Aktuelle Neurologie 2006; 33 - P247
DOI: 10.1055/s-2006-953072

Chronische renale Insuffizienz begünstigt fulminanten Verlauf eines Vitamin B 12-Mangelsyndroms

T. Duning 1, W.R. Schäbitz 1
  • 1Münster

Die klinisch-neurologischen Symptome eines Vitamin B12-Mangels sind äußerst vielgestaltig. Hilfreich bei der Diagnose sind neben dem klinischen Bild vor allem die Laborparameter sowie MRT-Untersuchungen des Myelons, die in T2-gew. Sequenzen sehr typische Signalhyperintensitäten im Bereich der Hinterstränge zeigen. Laborchemisch zeigt sich typischerweise ein vermindertes Vitamin B12 im Serum. Inwieweit es in Patienten mit chronischer Niereninsuffizienz zu einer Beeinträchtigung der katalysatorischen Wirkung des Vitamins an biochemischen Prozessen kommt, ist unklar.

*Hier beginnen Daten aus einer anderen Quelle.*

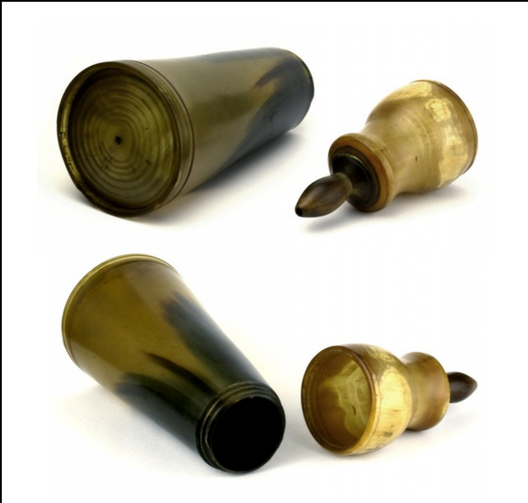
Horn Baby Feeder 18th Century
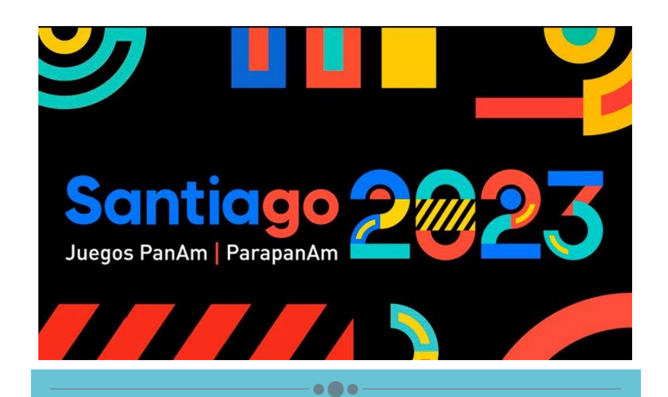
Early Events Show Anyone Can Win in 2023

Fallbeschreibung: Ein 68-jähriger Patient stellte sich mit seit 6 Monaten bestehenden Gangunsicherheit vor, seit 2 Monaten hatten sich zudem Parästhesien an den Händen eingestellt. Seit 6 Jahren bestand eine dialysepflichtige Niereninsuffizienz nach IgA-Nephritis (M. Berger). Trotz normaler Vit. B12-Spiegel stellten wir aufgrund des klinischen Verlaufs sowie des typischen MRT (Abb. 1)die Diagnose einer funikulären Myelose. Trotz adäquater Vit. B12-Substitutionstherapie (1000µg i.m. tägl) kam es im Verlauf zu einer Tetraparese und zunehmender Vigilanzminderung. Am 14. Tag nach Aufnahme kam es zu einen Status epilepticus, der nach Intubation mit Propofol durchbrochen wurde. Trotz absetzen aller sedierenden Pharmaka blieb der Pat. komatös bis soporös, ein Entwöhnen von der mechanischen Beatmung gestaltete sich schwierig.

Die Liquordiagnostik war bis auf einen erhöhten Eiweißspiegel (1,2g/l) unauffällig, Vit. B12 weiter hochnormal, Kreatinin (5,3mg/dl) und Harnstoff (68mg/dl) waren bei unkompliziert durchzuführender Hämodialyse (alle 2d) stabil. Es fanden sich in den zurückliegenden Laborparametern keine relevanten osmotischen Gradienten oder Elektrolytentgleisungen. In der erneut durchgeführten MRT zeigten sich nun ausgeprägte Marklagerläsionen parieto-occipital, die Veränderungen des Myelons waren fortbestehend (Abb. 2)

Schlussfolgerungen: Es gibt Hinweise auf einen funktionellen Vit. B 12-Mangel in niereninsuffizienten Pat. Diskutiert werden hier eine selektive Malabsorption bzw. ein verminderte zelluläre Aufnahme oder eine biochemische Funktionsstörung. Dies ist der erste beschriebene Fall eines Pat. mit renaler Insuffizienz, der trotz normaler Serumspiegel und adäquater Substitution ein Vit. B12-Mangelsyndrom mit zerebraler Beteiligung bietet. Intensivmedizinern sollte die Möglichkeit eines therapierefraktären, fulminanten Verlaufs einer funikulären Myelose bei niereninsuffizienten Pat. bewußt sein

Abb. 1: Das T2-gewichtete MRT des Myelons zeigt auf die Hinterstränge begrenzte Signalhyperintensitäten als typisches Muster der funikulären Myelose.

Abb. 2: In den T2- und FLAIR-Sequenzen des kranialen MRT zeigten sich im Verlauf trotz früher und intensivierter Vitamin B12-Substitutionstherapie ausgeprägte bilaterale Marklagerläsionen.